Было судебное разбирательство по данному случаю. Ответственность за смерть повесили на кого-то из Управляющей Компании, которая обслуживала данный дом. Далее – репортаж на местном ТВ да и проведение в близлежащих школах открытого урока на тему безопасности жизнедеятельности. Спустя пару недель всем стало все равно на какого-то Леню и его нелепую смерть. Грубо говоря, люди и забыли, что был такой господин, который львиную часть своей жизни проводил в гараже.

#1

Но неужели его жизнь прошла прямо-таки бесследно? И совсем ничего не осталось. Ну, тут кое-какими формальностями поделимся: квартира, в которой он жил, принадлежала родителям, которые после ее освобождения в короткие сроки впустили туда квартирантов – двух студенток, одна из которых училась на третьем курсе мГУ (местного Государственного Университета) на факультете журналистики – короче, сочиняла корявые журнальные статейки для корявых любителей журнальных статеек. Звали ее Алина, по характеру – типичная меланхоличная вишко-тян с бледным макияжем, белыми крашенными волосами до плеч, зелеными глазами и ярко красной помадой. Ее худые и длинные пальцы украшал черный матовый маникюр, по форме ногтей – стилет. Алина всегда носила очки с глазницами круглой формы, хотя зрение у нее было отличное.

Вторую madame звали Евгения. Она тоже училась на 3 курсе факультета журналистики мГУ, только на другом направлении – военная журналистика. То ли это было связано с наставлениями не так давно умершего отца Евгении, который всю жизнь посвятил военной карьере, то ли это был ее самостоятельный выбор, а может наставления отца и породили ее якобы самостоятельный выбор – она училась именно в данной сфере, причем довольно успешно. В отличие от Алины, Женя обладала менее яркой внешностью – каштановые волосы с прической каре, минимум макияжа (в основном на глазах и с темно-синими оттенками, под цвет ее голубой радужки), маникюр на ее ногтях – большая редкость, а ежели он и был, то это просто покраска ногтей в какой-нибудь тусклый цвет без создания формы. При этом стиль ее одежды всегда был очень строгий, отдавал некоей официальностью – красивые белые или серые рубашки, темные жилетки, синеватое бархатное пальто, широкие черные штаны или длинная черная юбка с дорогими черными ботинками.

На многие вещи у девушек были противоположные взгляды: на парней, на феминизм, на роль искусства в установлении мирового порядка, на положение представителей ЛГБТ1 сообщества в нашем социуме, на нарушение прав человека, на организацию собственного досуга, в конце концов.
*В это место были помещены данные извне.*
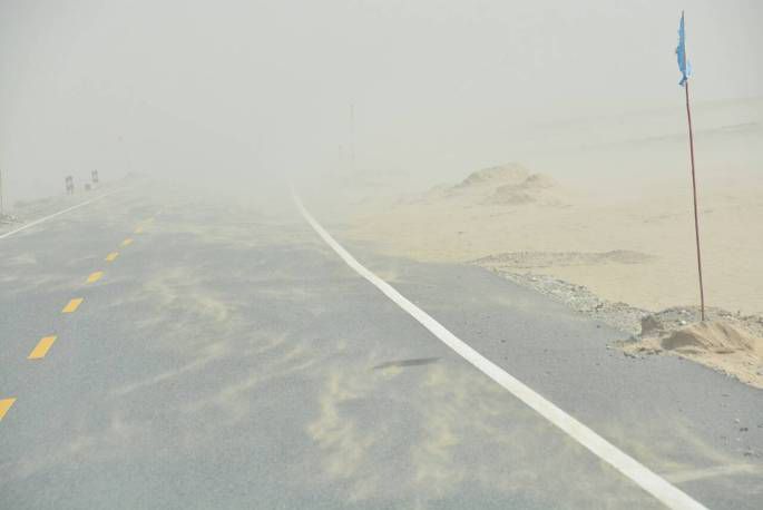 今天行车300公里,走的是沙漠公里,见证了沙漠沙尘暴面目。

Однако одна вещь их объединяла так крепко, что все непонимания и конфликты меркли при наличии этой связи – недовольство реальностью. Да, каждая из них представляла свою утопию, со своими высоконравственными законами, но ведь когда уходишь от реальности, зачастую фокусируешься не та то, куда уходишь, а на то, откуда уходишь. Поэтому концепцию потерянного рая до конца доводить вовсе не обязательно – можно просто обматерить нынешний не-рай, а в критике многие жалобы сливаются в одну, которая представляет собой бесконечно текущий поток то ли ненависти, то ли нытья, то ли просто нереализованной сексуальной энергии. Когда ты молод, все кажется таким несправедливым и неправильным, потому что сказочные мечты совсем непохожи на то, что устали созерцать полные амбиций, неспящие уже пару ночей красивые глазки милых созданий. Конечно, с годами все проясняется, бытовой стоицизм в совокупности со здравым смыслом и эмоциональной зрелостью берут верх и человек смотрит уже другим взглядом – более циничным, но зато понимающим весь происходящий цирк. Но для этого цинизма необходимо пройти все стадии принятия серой реальности – от железобетонной готовности бороться с этим миром до полного растворения в нем. Циник – это смирившийся мечтатель.
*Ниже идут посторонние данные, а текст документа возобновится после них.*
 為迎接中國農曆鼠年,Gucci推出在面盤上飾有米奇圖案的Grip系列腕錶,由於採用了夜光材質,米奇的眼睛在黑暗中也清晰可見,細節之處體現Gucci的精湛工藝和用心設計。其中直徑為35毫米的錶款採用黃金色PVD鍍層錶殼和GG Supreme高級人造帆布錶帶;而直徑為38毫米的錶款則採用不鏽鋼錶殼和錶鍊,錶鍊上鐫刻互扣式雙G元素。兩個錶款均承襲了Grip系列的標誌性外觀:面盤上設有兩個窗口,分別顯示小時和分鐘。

Пока что Алина и Женя были на первой стадии. Конечно, и она у каждой из них проявлялась по-разному: Алина в своих статьях всячески критиковала нынешнюю государственную политику и призывала следовать европейским тенденциям во всех сферах общественной жизни; являясь гордой по натуре, она не всегда соблюдала этику журналиста, зачастую переходя на личные оскорбления и грубые жаргоны, правда, никто на это не обращал внимания, потому что людям, занимающим высокое положение на социальной лестнице, плохо слышно, что именно происходит в подвале.
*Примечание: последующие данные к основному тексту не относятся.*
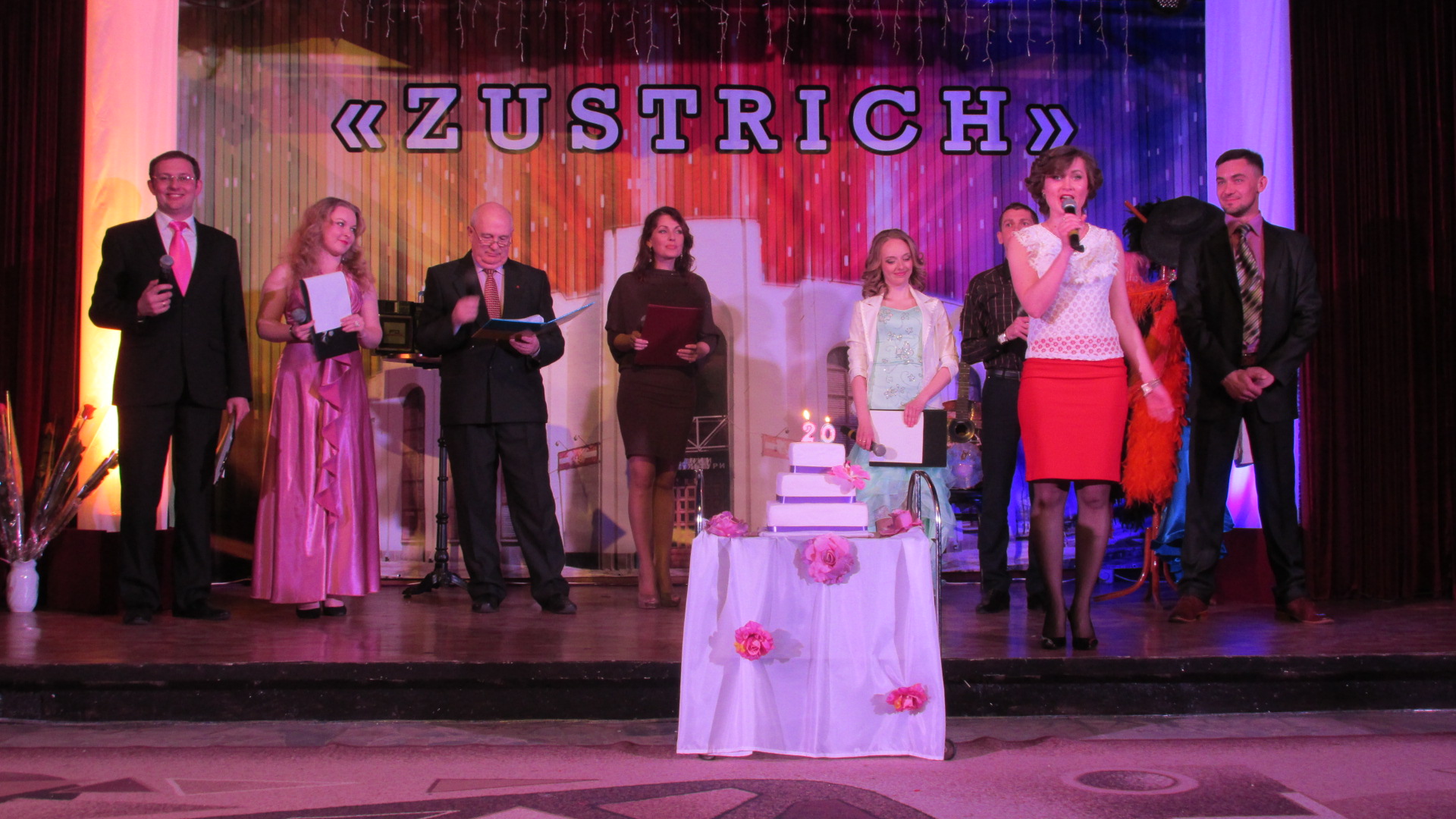 Уcіх присутніх з ювілеєм закладу привітав директор НЦК «Зустріч» Олександр Івановський, від відділу культури і туризму міської ради – начальник відділу Антоніна Курило, яка вручила подяки за сумлінну багаторічну працю та вагомий внесок у розвиток культури Олені Левченко, Оксані Чирці, Юрію Дорошенку, Надії Кононенко, Софії Пурденко, Любові Орловій, Андрію Іващенку та великий святковий торт всьому колективу.

Женя, которая была по характеру более консервативной, обвиняла мировые корпорации в негативном влиянии на общественное сознание. Зачастую она выступала на местных научных конференциях, где в пух и прах разносила антироссийские действия иностранных компаний, тем самым собирая нешуточные овации. Правда, от кого были эти овации? От тех, кто имеет миллионы долларов на швейцарских счетах и несколько особняков на побережье Атлантического океана?

Взрослым серьезным дядям и тетям насрать на идею, если в ней нет денежного содержания. Недвижимость и финансовые потоки привязали их к кормушке – тому месту, откуда идет долларовое течение. Все, чего они хотят, – это увеличения богатства, потому что абсолютно уверены в том, что в деньгах счастье. Тем не менее, никто из них не счастлив. Точнее, они были счастливы в давнем прошлом, когда только-только начали получать свои нешуточные дотации и покупать первые домики за границей. На ощущении былого кайфа они пытаются заработать больше денег, купить больше особняков, посадить себя к самым разным точкам планеты лишь бы получить еще раз ту дозу дофамина, которая однажды окрылила их. Но с каждым разом это все труднее и труднее.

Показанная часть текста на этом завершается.